And so I find another object of inquiry: we've all experienced the exultant heights and bitter valleys of love. Ah, amore, that most elusive and poignant emotion of the human cornucopia.

It doesn't surprise me that some would balk at turning the piercing gaze of science to the state of love. It feels as an invasion of our deepest privacy. There's nothing more intensely personal than love.
It's also a little distressing to think that our decisions and motivations are the product of more than some kind of "pure" thought. It makes us feel less like perfectly rational, ideal game theory actors.
Furthermore, it's as if a bit of selfness is stolen away. Is love still so important when it is "just" some chemical and neurological interactions?
And I can only respond, both to my own quivering heart, and to the doubts of others, that nothing has changed: knowledge can only bring us the why. It will change nothing about what is. You are no less in love for understanding why that state exists in your mind.

"To put the world in order, we must first put the nation in order; to put the nation in order, we must put the family in order; to put the family in order, we must cultivate our personal life; and to cultivate our personal life, we must first set our hearts right." —Confucius

So hopefully you can see why I was so excited at an interesting coincidence of articles recently.
I'd been reading about relationships. This is a representative sample. Think about their impact on my life. What kind of relationship I wanted, why I wanted that, and how I should go about it. One thing that ran through my mind was why sex, a physical act, should be so important to my emotional well-being. Whether that held true for other boys, or for women, and to what degree.
I'm also reading a book, The Naked Ape by Desmond Morris. It's an older book, but still has a lot of interesting insight into the human condition, as a big ol' ape with a uniquely ginormous frontal lobe jury-rigged to a matryoshka of more primitive ganglia stacked on each other.
And finally, this.
I can't say that strongly enough. THIS.

Now, before I get too excited, it is my duty to warn you that this is just conjecture. They emphasis in the article that this is preliminary research. Data collection. They're only now forming testable hypotheses.
But oh my stars it's incredible.
Just half-way through I felt struck by the sensation I described at the beginning here. Arched back, rushing sound in my ears and all.
I hope I'm not overselling this, but it's as if a handful of disparate bits of my life have finally caught fast and gelled into an intricate net of understanding that touches every corner of my existence.

One particular caveat I want to make note of before pressing on: the article makes a lot of reference to specific chemicals and their effects on our emotions.

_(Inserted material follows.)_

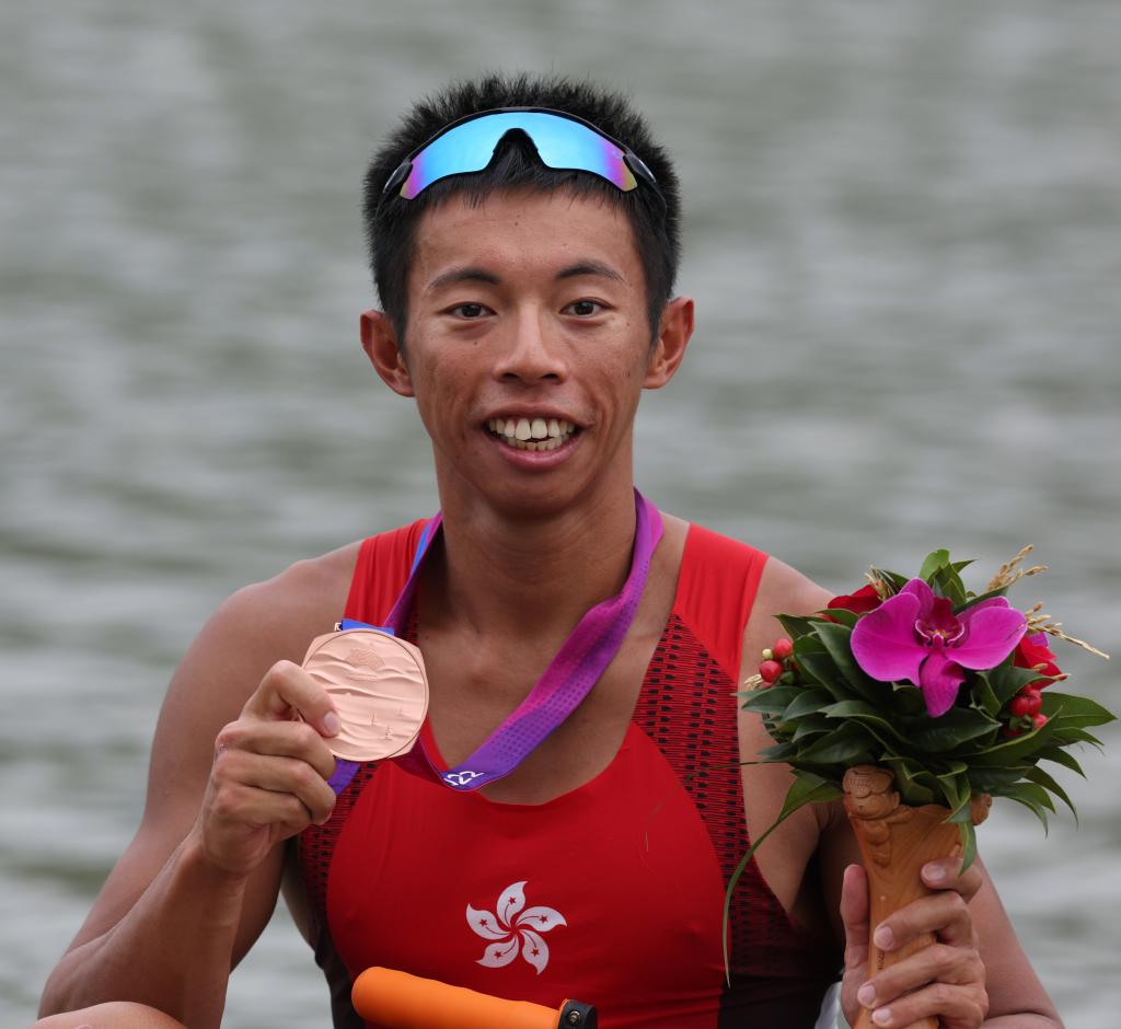 在男子單人雙槳決賽中,36歲的老將張亮蟬聯(lián)冠軍。張亮在出發(fā)后一“艇”當(dāng)先,1500米過后已領(lǐng)先第二名4秒96,雖然他在最后500米時速度有所下降,但依舊憑借著前半程巨大的領(lǐng)先優(yōu)勢,以6分57秒06強勢奪金。上屆亞運會該項目銅牌得主、日本選手荒川龍?zhí)@得亞軍,中國香港隊運動員趙顯臻摘得銅牌。

While many of these are pretty unambiguously proven, I advise a healthy dose of caution to any offer of a single hormone or neuro-transmitter as the sole source of any specific behavior or emotion.
My primary source for this caution is the serotonin hypothesis (essentially the theory that serotonin is the primary mood regulation chemical), which was, in essence, conjured whole-clothe from the rectums of anti-depressant pharmaceutical companies.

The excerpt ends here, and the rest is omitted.